→ **EXERCISE DIRECTIONS**
Give again, word for word, every line in the entries below from the line with "When an oil" up to and including the line with "3、點(diǎn)擊交互按鈕", and no other line.

→ **SOURCE MATERIAL**
....
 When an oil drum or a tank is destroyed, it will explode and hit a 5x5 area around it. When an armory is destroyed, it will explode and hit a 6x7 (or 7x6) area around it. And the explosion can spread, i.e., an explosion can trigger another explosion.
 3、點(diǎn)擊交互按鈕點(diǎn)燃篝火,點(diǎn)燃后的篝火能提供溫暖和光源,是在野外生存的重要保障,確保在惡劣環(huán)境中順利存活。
....
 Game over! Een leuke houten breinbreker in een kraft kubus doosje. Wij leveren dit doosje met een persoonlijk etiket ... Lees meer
....
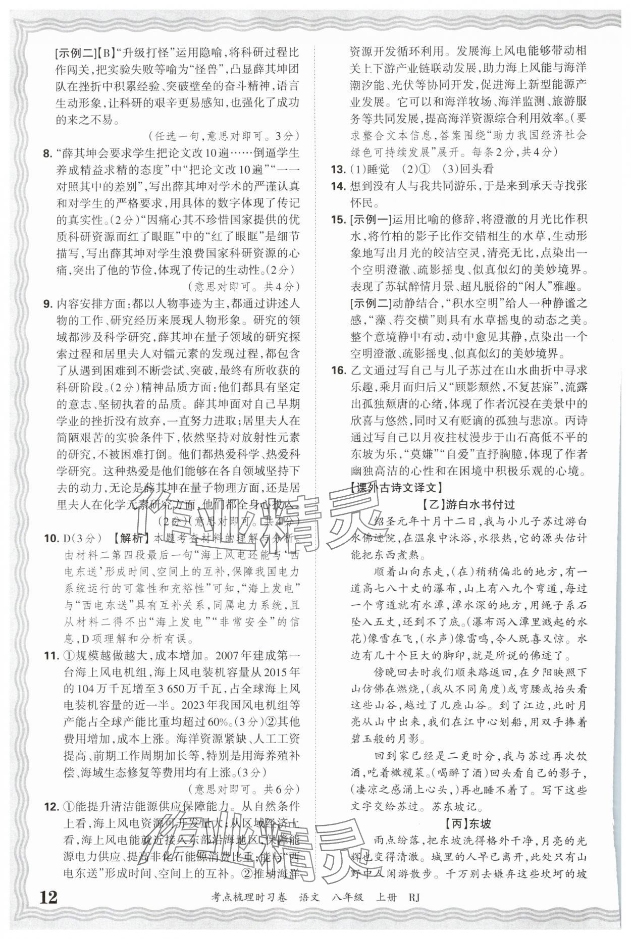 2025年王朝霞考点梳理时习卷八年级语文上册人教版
....
→ **SOLUTION TO THE PROBLEM**
 When an oil drum or a tank is destroyed, it will explode and hit a 5x5 area around it. When an armory is destroyed, it will explode and hit a 6x7 (or 7x6) area around it. And the explosion can spread, i.e., an explosion can trigger another explosion.
 3、點(diǎn)擊交互按鈕點(diǎn)燃篝火,點(diǎn)燃后的篝火能提供溫暖和光源,是在野外生存的重要保障,確保在惡劣環(huán)境中順利存活。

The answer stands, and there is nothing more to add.